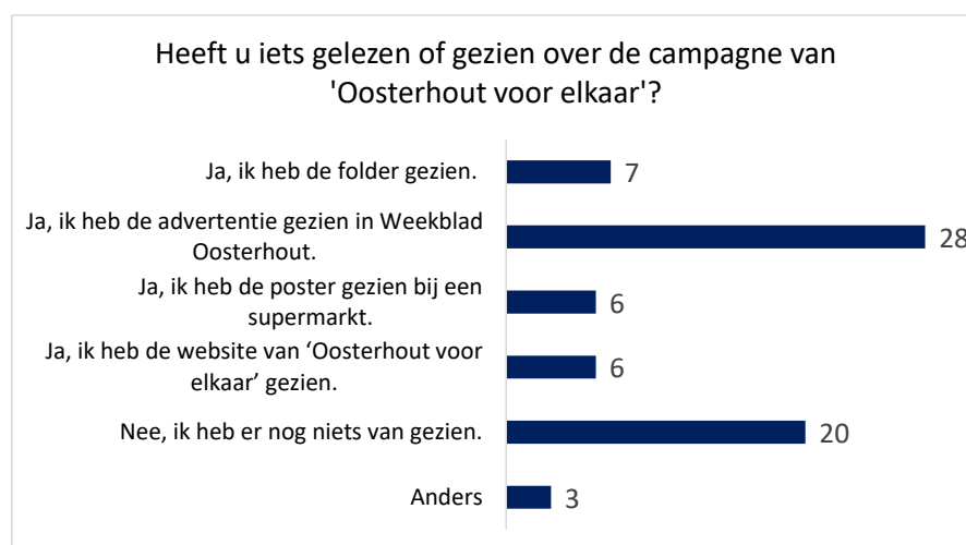
Figuur 2-1; Heeft u iets gelezen of gezien over de campagne van 'Oosterhout voor elkaar'?

28 van de 54 respondenten heeft de advertentie gezien in Weekblad Oosterhout. 20 respondenten heeft nog niets gezien van de campagne. 7 respondenten hebben de folder gezien en 6 hebben de raamposter gezien bij de supermarkt. Eveneens 6 respondenten zagen de website van 'Oosterhout voor elkaar'. Bij anders staat geen nadere uitleg. (Figuur 2-1.)
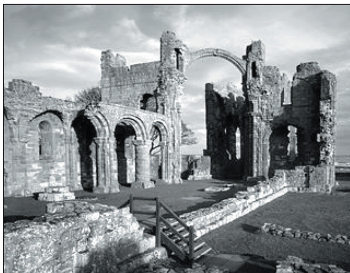
Zrúcaniny opátstva v Lindinsferne (Anglicko)
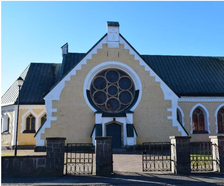
I norra korsarmens gavelsidor finns stora rosettfönster över sidoportalerna.

kontreforter finns i alla hörn samt intill portalöppningarna och är avtäckta med kopparplåt. Fasaderna är också uppbrutna av de många fönsteröppningarna, spetsbågiga på långhuset och trekantsavslutade på absiden. Samtliga är indelade i dubbla muröppningar med en mindre fönsterruta i spetsen och murade masverk av gult tegel. Fönsterbågarna är av gråmålat trä. Korsarmarnas gavelsidor upptas av stora rosettfönster uppbyggda av sju stora rundfönster murade av gult tegel. Hörnkedjorna, samt dörr- och fönsteromfattningarna och är slätputsade i en kvaderimitation och vitmålade. Överst på kyrkans lägre delar finns en slätputsad och vitmålad sågtandsfris eller en rombiskt mönsterfris och gavelspetsarna avslutas med en murad tinne med en liten blindering i form av ett kors eller en stjärna.

Task description: Pictures included in the data should be dropped; everything else must be repeated exactly.

Written solution:
Figuur 2-1; Heeft u iets gelezen of gezien over de campagne van 'Oosterhout voor elkaar'?

28 van de 54 respondenten heeft de advertentie gezien in Weekblad Oosterhout. 20 respondenten heeft nog niets gezien van de campagne. 7 respondenten hebben de folder gezien en 6 hebben de raamposter gezien bij de supermarkt. Eveneens 6 respondenten zagen de website van 'Oosterhout voor elkaar'. Bij anders staat geen nadere uitleg. (Figuur 2-1.)
Zrúcaniny opátstva v Lindinsferne (Anglicko)
I norra korsarmens gavelsidor finns stora rosettfönster över sidoportalerna.

kontreforter finns i alla hörn samt intill portalöppningarna och är avtäckta med kopparplåt. Fasaderna är också uppbrutna av de många fönsteröppningarna, spetsbågiga på långhuset och trekantsavslutade på absiden. Samtliga är indelade i dubbla muröppningar med en mindre fönsterruta i spetsen och murade masverk av gult tegel. Fönsterbågarna är av gråmålat trä. Korsarmarnas gavelsidor upptas av stora rosettfönster uppbyggda av sju stora rundfönster murade av gult tegel. Hörnkedjorna, samt dörr- och fönsteromfattningarna och är slätputsade i en kvaderimitation och vitmålade. Överst på kyrkans lägre delar finns en slätputsad och vitmålad sågtandsfris eller en rombiskt mönsterfris och gavelspetsarna avslutas med en murad tinne med en liten blindering i form av ett kors eller en stjärna.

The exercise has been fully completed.